C Extension Support in PyOxidizer

June 30, 2019 at 04:40 PM | categories: Python, PyOxidizer

The initial release of PyOxidizer generated a bit of excitement across the Internet! The post was commented on heavily in various forums and my phone was constantly buzzing from all the Twitter activity. There has been a steady stream of GitHub Issues for the project, which I consider a good sign. So thank you everybody for the support and encouragement! And especially thank you to everyone who filed an issue or submitted a pull request!

While I don't usually read the comments, I was looking at various forums posting about PyOxidizer to see what reactions were like. A common negative theme was the lack of C extension support in PyOxidizer. People seemed dismissive of PyOxidizer because it didn't support C extensions. Despite the documentation stating that the feature was planned and that I had an idea for how to implement it, people seemed pessimistic. Perhaps I didn't adequately communicate that making C extensions work is actually a subset of the already-solved single file executable problem and therefore was already a solved problem at the technical level (only the integration with the Python and PyOxidizer build systems was missing). So in my mind C extension support was only a matter of time and the only open question was how many hacks would be needed to make it work, not whether it would work.

Well, I'm pleased to report that the just-released version 0.2 of PyOxidizer supports C extensions on Windows, macOS, and Linux. If you install a Python package through a pip-install-simple, pip-requirements-file, or setup-py-install packaging rule, C extensions will be compiled in a special way that enables them to be embedded in the same binary containing Python itself. I've tested it with the zope.interface, zstandard, and mercurial packages and it seems to work (although Mercurial has other issues that prevent it from being packaged as a PyOxidizer application - but the C extensions do compile).

There are some limitations to the support, however.

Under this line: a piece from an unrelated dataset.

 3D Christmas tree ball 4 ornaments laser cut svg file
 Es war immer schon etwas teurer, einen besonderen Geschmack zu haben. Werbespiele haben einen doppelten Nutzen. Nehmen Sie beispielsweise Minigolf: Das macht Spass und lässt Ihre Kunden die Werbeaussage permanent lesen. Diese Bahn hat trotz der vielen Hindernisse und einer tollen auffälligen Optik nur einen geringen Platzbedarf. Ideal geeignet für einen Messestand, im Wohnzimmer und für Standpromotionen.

I'm pretty confident the limitations can be eliminated given enough time. Given how many people were hung up on the lack of C extensions and were seemingly writing off PyOxidizer thinking it was snake oil or something, I wanted to deliver basic C extension support to curtail this line of criticism. Perfect is the enemy of good and hopefully basic C extension support is good enough to ease concerns about PyOxidizer's viability.

Also in PyOxidizer 0.2 are some minor new features, like the --pip-install and --python-code flags to pyoxidizer init. These allow you to generate a pyoxidizer.toml file pre-configured to install some packages from pip and run custom Python code. So now applications can be created and built with a one-liner without having to edit a pyoxidizer.toml file!

The full release notes are available. As always, please keep filing issues. I'm particularly interested in hearing about packages whose C extensions don't work properly.